[EXERCISE INPUT]:

__________

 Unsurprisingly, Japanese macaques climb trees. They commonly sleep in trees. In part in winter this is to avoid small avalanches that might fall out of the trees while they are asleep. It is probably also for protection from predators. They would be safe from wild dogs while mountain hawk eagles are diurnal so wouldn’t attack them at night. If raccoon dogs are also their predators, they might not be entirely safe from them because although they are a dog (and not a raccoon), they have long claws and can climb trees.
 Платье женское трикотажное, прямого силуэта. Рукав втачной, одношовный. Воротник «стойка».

__________

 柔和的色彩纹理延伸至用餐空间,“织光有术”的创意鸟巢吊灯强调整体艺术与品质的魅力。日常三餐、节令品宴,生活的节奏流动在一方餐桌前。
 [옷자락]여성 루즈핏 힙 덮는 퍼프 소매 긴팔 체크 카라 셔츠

__________

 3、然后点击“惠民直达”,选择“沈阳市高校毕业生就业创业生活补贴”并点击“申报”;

__________

[TASK DESCRIPTION]: Both end lines included, restate word for word the lines above from the line with "Unsurprisingly, Japanese macaques" to the line with "Платье женское трикотажное, прямого", and nothing else.

[RESULT BELOW]:
 Unsurprisingly, Japanese macaques climb trees. They commonly sleep in trees. In part in winter this is to avoid small avalanches that might fall out of the trees while they are asleep. It is probably also for protection from predators. They would be safe from wild dogs while mountain hawk eagles are diurnal so wouldn’t attack them at night. If raccoon dogs are also their predators, they might not be entirely safe from them because although they are a dog (and not a raccoon), they have long claws and can climb trees.
 Платье женское трикотажное, прямого силуэта. Рукав втачной, одношовный. Воротник «стойка».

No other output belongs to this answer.